I love good ice cream. My waist line demonstrates that. And I love reading comic and satirical and politically incorrect literature. My bookshelves attest to that. Ever buy a half gallon of cheap ice cream? It has a delightful picture on the box, carefully sculpted and glistening pleasure, but when you open it up, the flavor and texture are corn starch and wax. And the next time you open it, there's some weird congealed stuff in the corner that looks like, well, like things we cannot mention here. So although the box is labeled ice cream, and the picture promises fun and frivolity, and it was in the freezer next to real ice cream, the actual product is something far removed from what ice cream should be.
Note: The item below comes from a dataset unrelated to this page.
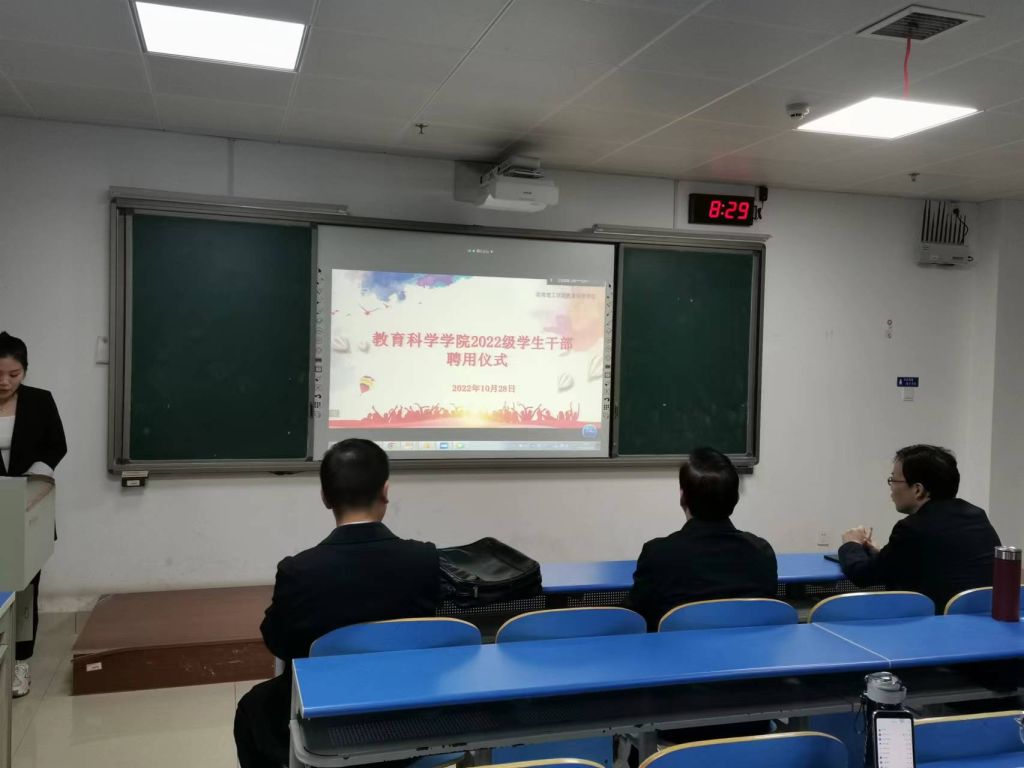 10月28日上午,beats365官方网站在12201室举行2022级研究生干部聘用仪式。公司经理刘理、党总支书记刘淳松、副经理彭阳红、研究生辅导员王炜以及2022级全体新生参加,本次会议由院研究生分会副主席彭胜高主持。

This book is like that. It feels like a comic novel, with comic characters, funny names, and snappy dialog. It has many paragraphs that are clearly supposed to be funny. I can imagine someone, somewhere laughing aloud at this; maybe the author and his friends. Yet never was I thoroughly engaged, and only on a couple of occasions did I even chuckle. That is not to say there is not some clever writing in here. There is. It's just that the wit is surrounded by mountains of tedium, and the occasional flashes almost startle with their rarity. This book was apparently written at breakneck speed, and it shows. The super-hero team, who become passionate lovers, outsmart, outshoot, outwit and outrun hordes of enemies, Muslim, French and American. Until the big discovery at the end. Yawnnnnnn..... I was just glad to close the book.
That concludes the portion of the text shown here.